What Is Fine-Tuning?

Fine-tuning takes a pre-trained language model (one that already understands language) and teaches it new behavior specific to your task. Think of it like this:

Pre-trained Model (Granite 4, Qwen 3, Gemma 4)
    ↓ knows general language, coding, reasoning
    ↓
Fine-Tuning with SOC Data
    ↓ learns alert triage, MITRE ATT&CK, incident response
    ↓
Specialized SOC Model
    → can classify alerts, write YARA rules, triage incidents

The pre-trained model has billions of parameters (numbers) that encode its knowledge. Fine-tuning adjusts some or all of these parameters using your domain-specific data.

The Fine-Tuning Landscape

AuroraSOC Default

AuroraSOC uses QLoRA + SFT — the green-highlighted path above. This gives the best quality-per-dollar for security-domain training.

1. Full Fine-Tuning

How It Works

Full fine-tuning updates every single parameter in the model. For a 8B parameter model like Granite 4 H-Small, that means modifying all 8 billion numbers.

VRAM Requirements

Full fine-tuning needs to store:

The model weights (FP16): 2 bytes × parameters
Gradients: 2 bytes × parameters
Optimizer states (AdamW): 8 bytes × parameters
Activations: varies with batch size

Model	Parameters	Model (FP16)	Gradients	Optimizer	Total VRAM
Granite 4 Micro	~1B	2 GB	2 GB	8 GB	~14 GB
Granite 4 H-Tiny	~2B	4 GB	4 GB	16 GB	~28 GB
Granite 4 H-Small	~8B	16 GB	16 GB	64 GB	~100 GB
Qwen 3 8B	~8B	16 GB	16 GB	64 GB	~100 GB
Gemma 4 12B	~12B	24 GB	24 GB	96 GB	~150 GB

When to Use Full Fine-Tuning

Situation	Recommendation
You have 80+ GB VRAM (A100 80GB, H100)	Consider it for maximum quality
You need maximum task accuracy	Potential ~1-3% accuracy gain over QLoRA
You're training a small model (<1B)	VRAM is manageable
You're deploying to production at scale	Minor quality gains compound

When NOT to Use

You have a consumer GPU (RTX 3090/4090 with 24 GB) — won't fit
You're iterating quickly — training takes 5-10× longer than QLoRA
You have limited training data (<10K samples) — risk of catastrophic forgetting

Configuration (AuroraSOC)

Full fine-tuning is not the default in AuroraSOC, but you can enable it by modifying the training config:

# training/configs/granite_soc_finetune.yaml
model:
  name: "ibm-granite/granite-4.0-h-tiny"  # Note: NOT the unsloth/ variant
  max_seq_length: 4096
  load_in_4bit: false  # ← Disable quantization

lora:
  # Not used — comment out or remove the lora section entirely

training:
  per_device_train_batch_size: 1  # Reduce due to high VRAM
  gradient_accumulation_steps: 8
  bf16: true
  optim: "adamw_torch"  # Full precision optimizer

warning

Full fine-tuning of Granite 4 H-Small (8B) requires ~100 GB VRAM. Use an A100 80GB with gradient checkpointing, or multiple GPUs with DeepSpeed.
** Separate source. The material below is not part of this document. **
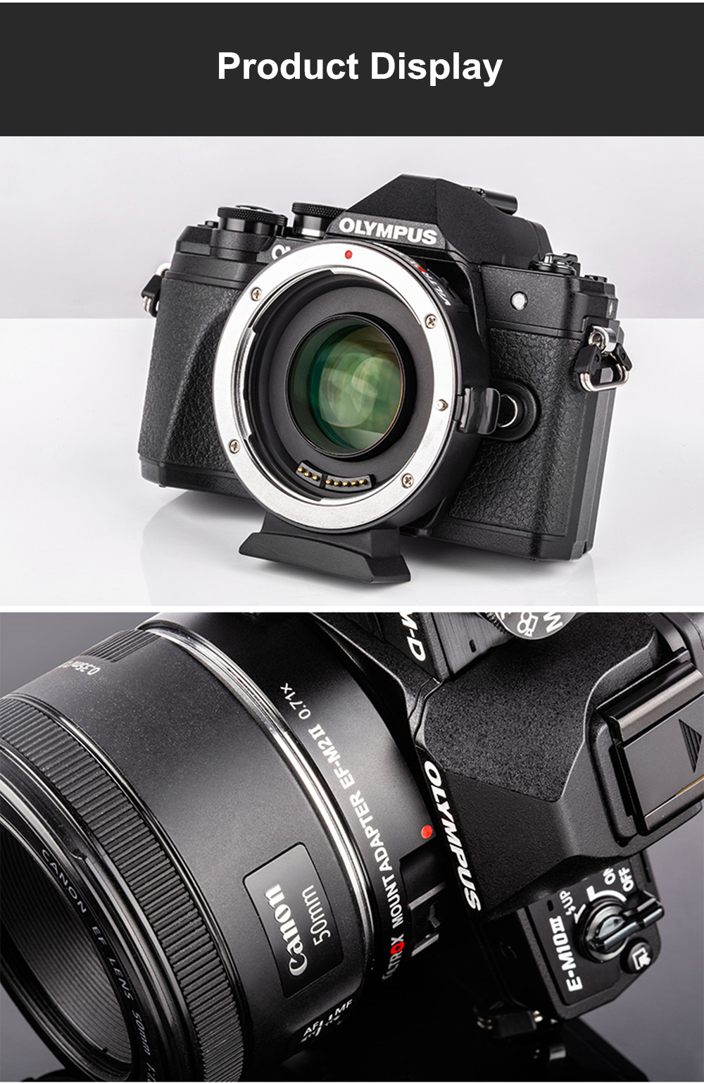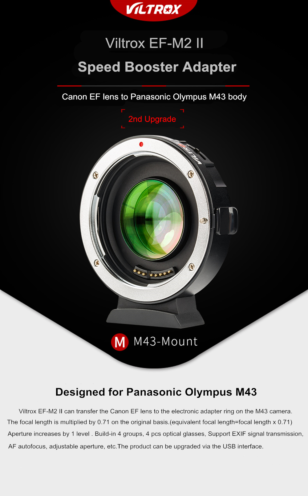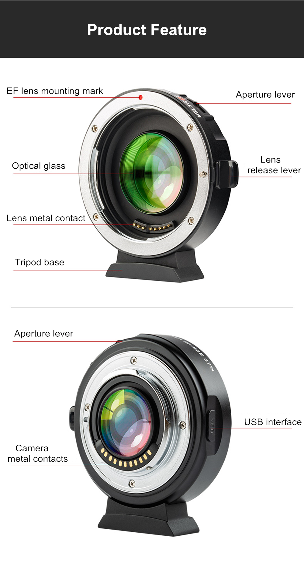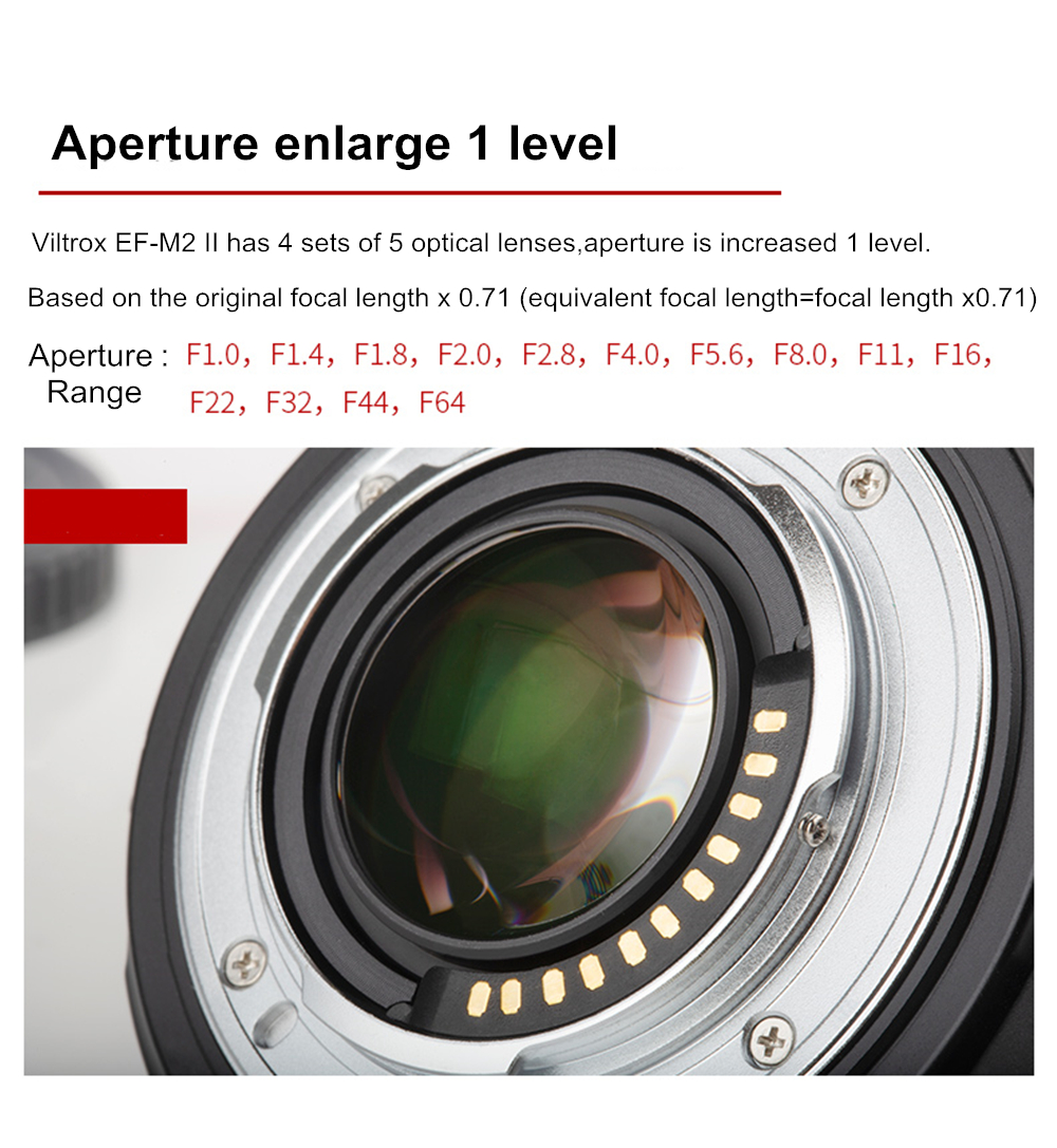 Viltrox EF-M2II mount adapter ist entwickelt, um damit Canon EF-mount serie objektiv verwendet werden auf M43 kamera. Plus 0,71 basierend auf die original brennweite (äquivalent brennweite = brennweite x0.71), die helfen vergrößern 1 ebene blende. Build-in 4 gruppen, 4 stücke optische gläser, AF (autofokus) und einstellbare blende, etc. Zu aktualisieren adapter firmware, neueste firmware kann download von der offiziellen website, verbinden adapter, um computer mit USB kabel und kopieren sie die datei in adapter speicher. Tun nicht erforderlich zu befestigen objektiv oder kamera. Zu ändern AF modus, schalten sie kamera, nehmen sie batterie, einfügen und drehen kamera zurück auf wieder für kamera zu erkennen neue AF modus als neue objektiv. Langsam fokus wird passieren auf low-end linsen in CDAF modus

2. LoRA (Low-Rank Adaptation)

The Key Insight

Instead of updating all 8 billion parameters, LoRA adds small trainable matrices alongside the existing weights. The original model stays frozen.

How LoRA Works (Visually)

The math: Instead of learning a new W' = W + ΔW (where ΔW has d×d parameters), LoRA decomposes ΔW into two small matrices: ΔW = B × A, where A is d×r and B is r×d. With rank r=64 and d=4096:

Original ΔW: 4096 × 4096 = 16.7M parameters
LoRA (A + B): (4096 × 64) + (64 × 4096) = 524K parameters (32× fewer!)

LoRA Rank (r) — The Most Important Hyperparameter

The rank r controls how much the model can learn:

Rank (r)	Trainable Params	Training Speed	Quality for SOC Tasks	VRAM Overhead
8	~2.5M	Fastest	Insufficient for complex security reasoning	+0.5 GB
16	~5M	Very fast	Good for simple classification tasks	+1 GB
32	~10M	Fast	Good for most single-domain tasks	+2 GB
64	~20M	Moderate	Best for multi-domain SOC knowledge	+3 GB
128	~40M	Slow	Marginal gains; used for orchestrator	+6 GB
256	~80M	Very slow	Diminishing returns; risk of overfitting	+12 GB

Why AuroraSOC Uses r=64

SOC tasks require the model to learn diverse knowledge — MITRE ATT&CK, network protocols, malware analysis, compliance frameworks. Rank 64 provides enough capacity to absorb this breadth without overfitting. The orchestrator uses r=128 because it must understand ALL domains to route tasks correctly.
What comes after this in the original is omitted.